◆ Extracted records
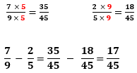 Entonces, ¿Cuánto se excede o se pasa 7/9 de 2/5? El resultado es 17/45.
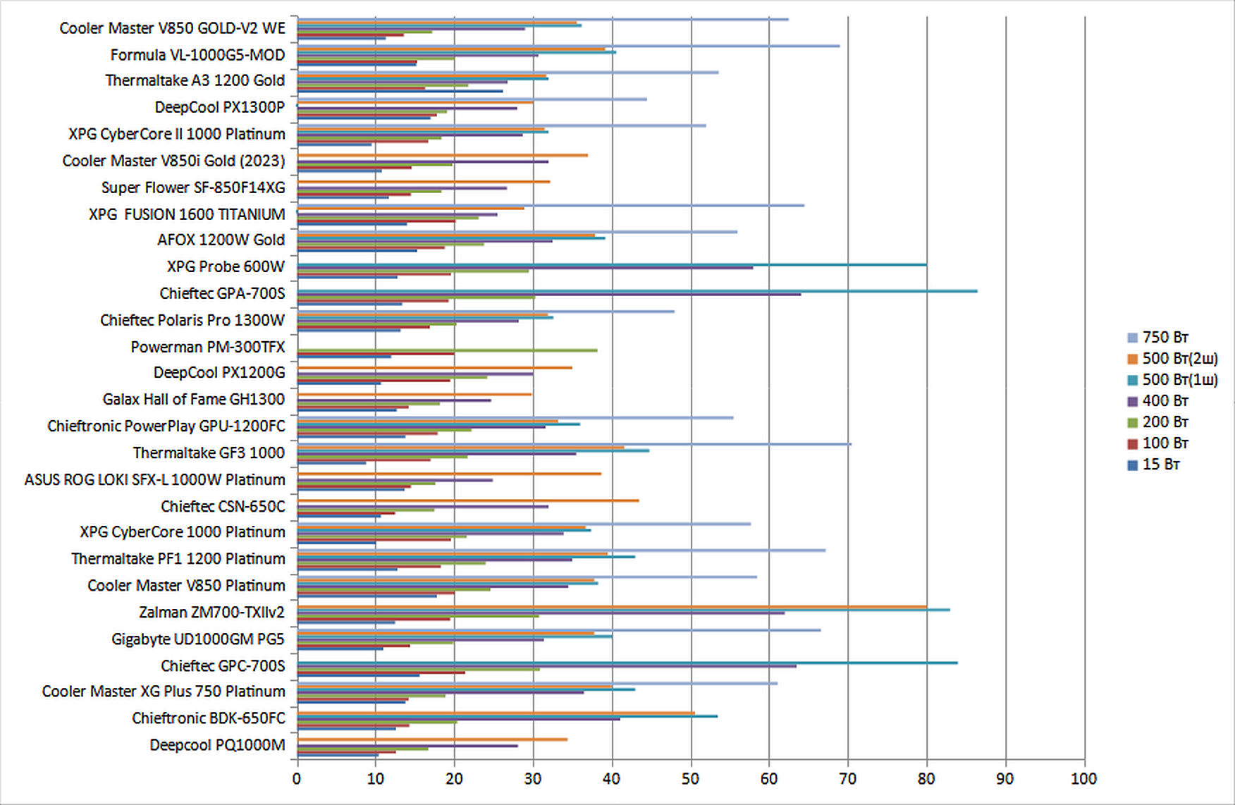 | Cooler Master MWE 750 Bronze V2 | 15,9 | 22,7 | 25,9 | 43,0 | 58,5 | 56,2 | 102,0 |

--

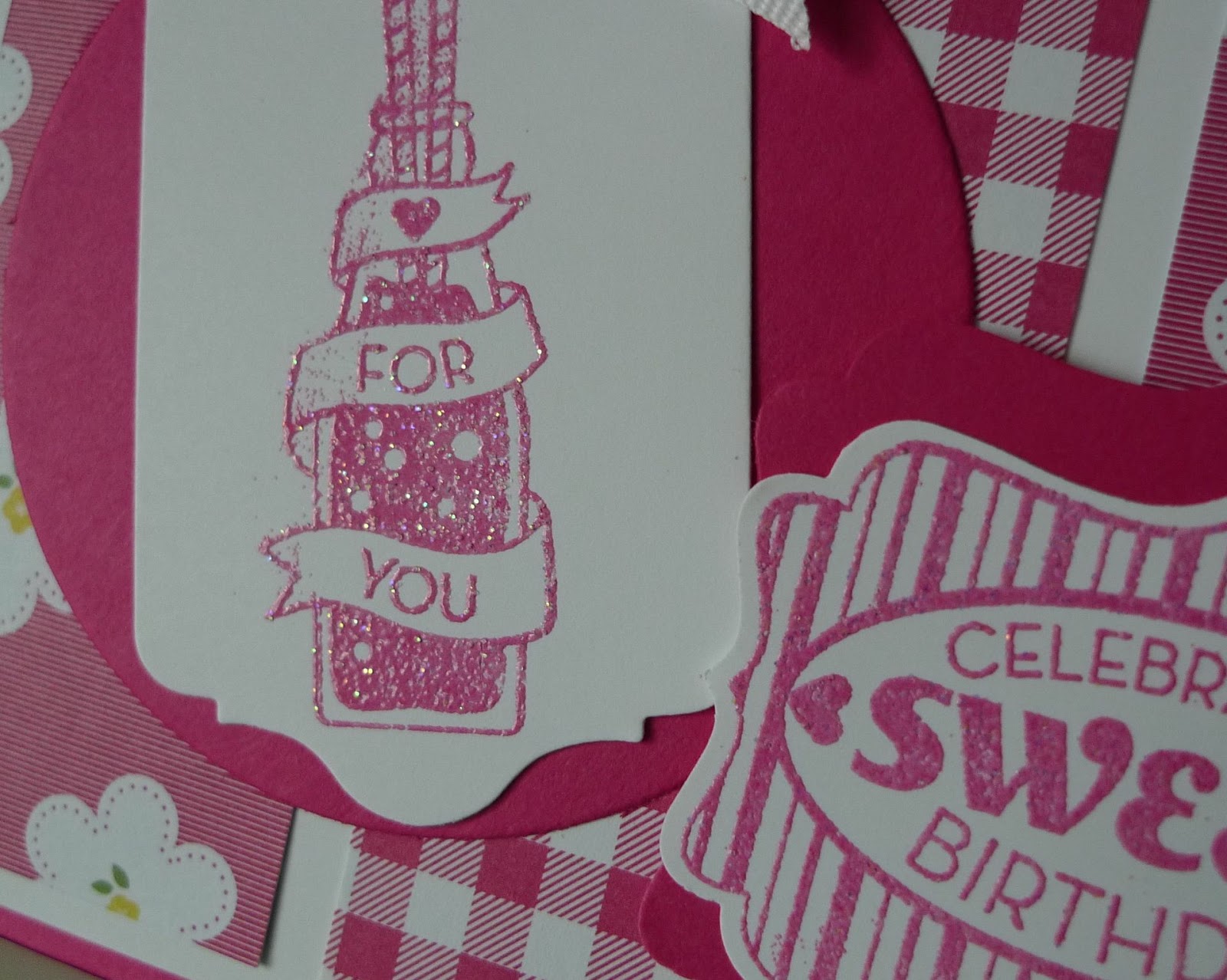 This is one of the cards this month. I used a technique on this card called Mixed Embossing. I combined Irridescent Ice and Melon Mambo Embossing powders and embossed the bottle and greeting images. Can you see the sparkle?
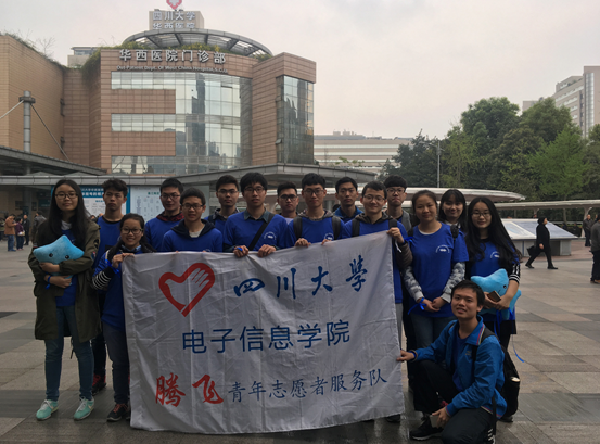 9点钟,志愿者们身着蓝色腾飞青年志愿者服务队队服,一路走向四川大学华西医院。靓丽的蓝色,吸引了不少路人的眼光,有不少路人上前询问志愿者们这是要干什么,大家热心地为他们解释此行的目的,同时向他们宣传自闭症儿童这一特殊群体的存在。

◆ Your instructions
Would you restate, exactly and with no pictures, the lines of the entries above from the one containing "Entonces, ¿Cuánto se" through the one containing "56,2 | 102,0 |"?

◆ Solution for this exercise
 Entonces, ¿Cuánto se excede o se pasa 7/9 de 2/5? El resultado es 17/45.
 | Cooler Master MWE 750 Bronze V2 | 15,9 | 22,7 | 25,9 | 43,0 | 58,5 | 56,2 | 102,0 |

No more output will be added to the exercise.